The purpose of this study was to evaluate the effects of core strengthening combined with pelvic proprioceptive neuromuscular facilitation (PNF) on trunk impairment, balance, gait, and functional ability of chronic stroke patients. Twenty-three participants with chronic stroke were recruited and randomly allocated to one of the two groups: core strengthening combined with pelvic PNF (group 1, n=13), and pelvic PNF with trunk flexibility exercises (group 2, n=10). Intervention was given to both groups for 60 min per session 5 times per week for 4 weeks. Performance of both groups was evaluated on Trunk Impairment Scale, Tinetti Performance Oriented Mobility Assessment (Tinetti-POMA), Balance Evaluation Systems Test (Mini-BESTest), Wisconsin Gait Scale, and Barthel Activities of Daily Living Index prior to and after the completion of the intervention. The comparison between postintervention scores of Tinetti-POMA between group 1 (18.76±1.78) and group 2 (16.8±1.87) and Mini-BESTest group 1 (16.15±1.28) and group 2 (14.7±1.41) showed significant difference (P=0.018). The results indicated that core stabilisation combined with pelvic PNF was more effective for improving trunk impairment, balance and gait of chronic stroke patients.

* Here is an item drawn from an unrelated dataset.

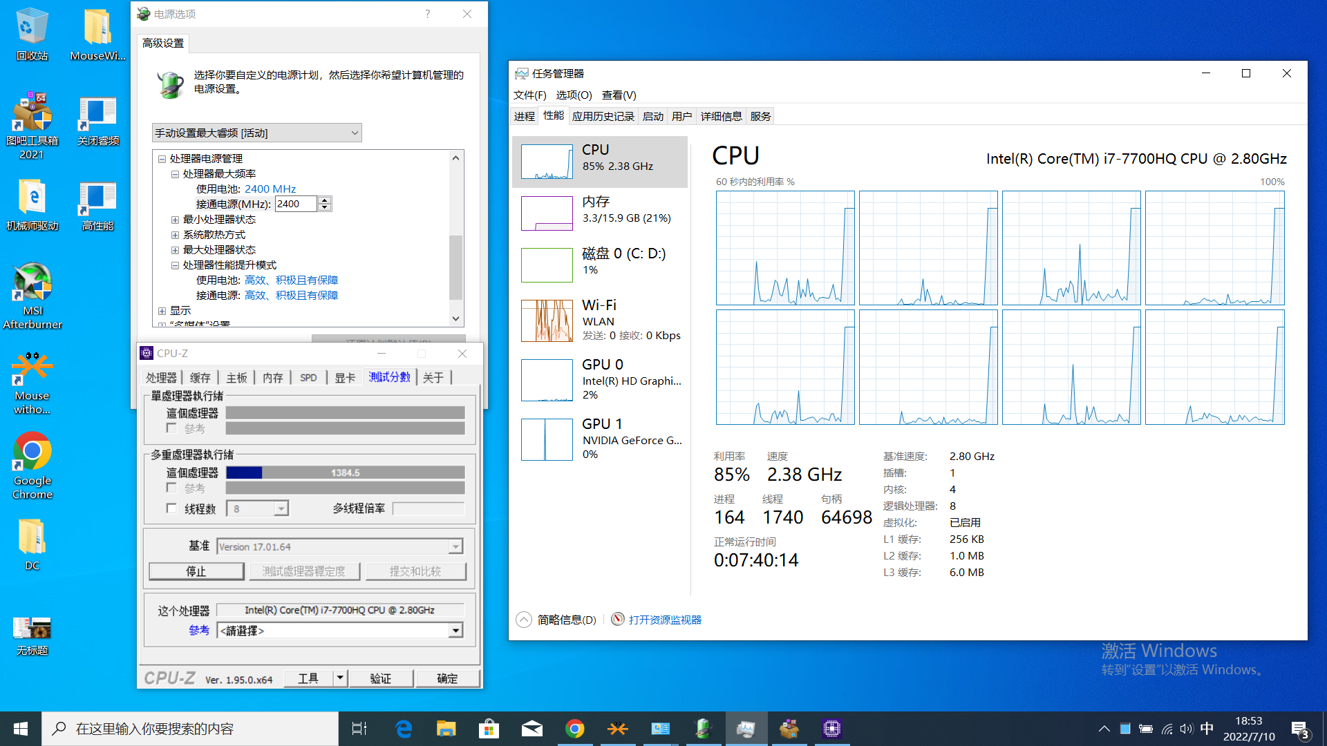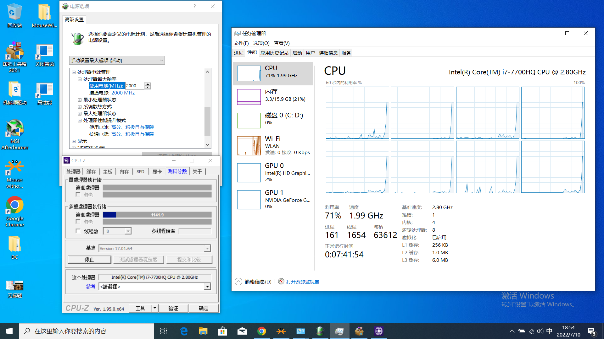 高性能模式:单核稳定在3.39GHz,多核稳定在3.54GHz(17年的本子还是很能打的哈哈哈吗)
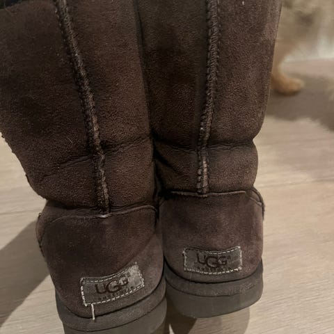 UGG støvler i størrelse 39, brun farge. Laget av semsket skinn med myk, isolerende fôr. Godt brukt men endel bruk igjen. Gode og varme

Stroke is a global health care problem leading to significant mortality and morbidity (Langhorne et al., 2011). In India the prevalence of stroke is estimated to be 203 per 100,000 people and it is projected to rank as the fourth leading cause of disability by the year 2020 (Taylor and Kumar, 2012). The deficits resulting have significant impact on independence, quality of life and productivity of the survivors.
Common deficiencies in stroke include spasticity, weakness, and loss of equilibrium on the affected side causing inability to maintain postural alignment (Pathak et al., 2015). The trunk is considered as a central key point to allow the body to remain upright and adjust weight shifts during static and dynamic postural adjustments (Zakaria et al., 2010). Following stroke one side of the limbs are affected but trunk muscles are affected on both the sides leading to insufficient trunk rotation, difficulty in maintaining balance and gait (Shinde and Ganvir, 2014).
Pelvic proprioceptive neuromuscular facilitation (PNF) helps to improve control of pelvis which is a key point for maintaining trunk control, gait and balance (Wang, 1994) by stimulation of muscle and joint proprioception. Studies in the past have shown a significant correlation between pelvic tilt and trunk control across various stages of stroke (Zakaria et al., 2010).
Core musculature include muscles of the trunk and pelvis that are responsible for maintaining stability of spine and pelvis (Kibler et al., 2006). The abdominals in front, paraspinals and gluteals at the back, the diaphragm as the roof and pelvic and hip girdle musculature as the bottom constitute the core musculature (Shinkle et al., 2012). Previous studies have shown that central nervous system initiates contraction of the abdominal muscles and multifidus in a feed-forward manner in advance of the prime mover of lower limb to stabilize the spine. Transverse abdominis is the first muscle that is active during movement of a lower limbs following contralateral weight shifting (Hodges and Richardson, 1997). These muscles have been used for training of athletes and patients with low back pain (Akuthota and Nadler, 2004). Studies have found that core training improves static and dynamic balance in chronic stroke patients (Chung et al., 2013). We hypothesize that addition of core stabilization program to pelvic PNF would help in improving core stability in order to attain trunk control and controlled mobility for improving balance, gait and functional ability in stroke patients.


Participants and design

An assessor-blinded randomised controlled trail was undertaken. Random sampling was done based on the inclusion and exclusion criteria. The distribution of sample and sample size is explained in CONSORT (consolidated standards for reporting of trials) flowchart (Fig. 1). Participants were recruited from Rehabilitation Department of Indian Spinal Injuries Hospital, Vasant Kunj and Physiotherapy Department, Vidyasagar Institute of Mental Health, Neurology and Allied Sciences, Delhi. Participants with first ever unilateral ischemic stroke involving middle cerebral artery territory; duration of stroke more than 6 months; age between 45–60 years were included. Participants should be able to walk with or without support for 10 m. Participants should be able to understand and follow simple verbal instructions (Mini-Mental Status Examination [MMSE]≥24). Participants with recurrent stroke; brainstem or cerebellar stroke or haemorrhagic stroke were excluded. Also, participants with severe spasticity (modified ashworth scale grade≥3) or severe flaccidity in lower limbs and upper limbs were excluded.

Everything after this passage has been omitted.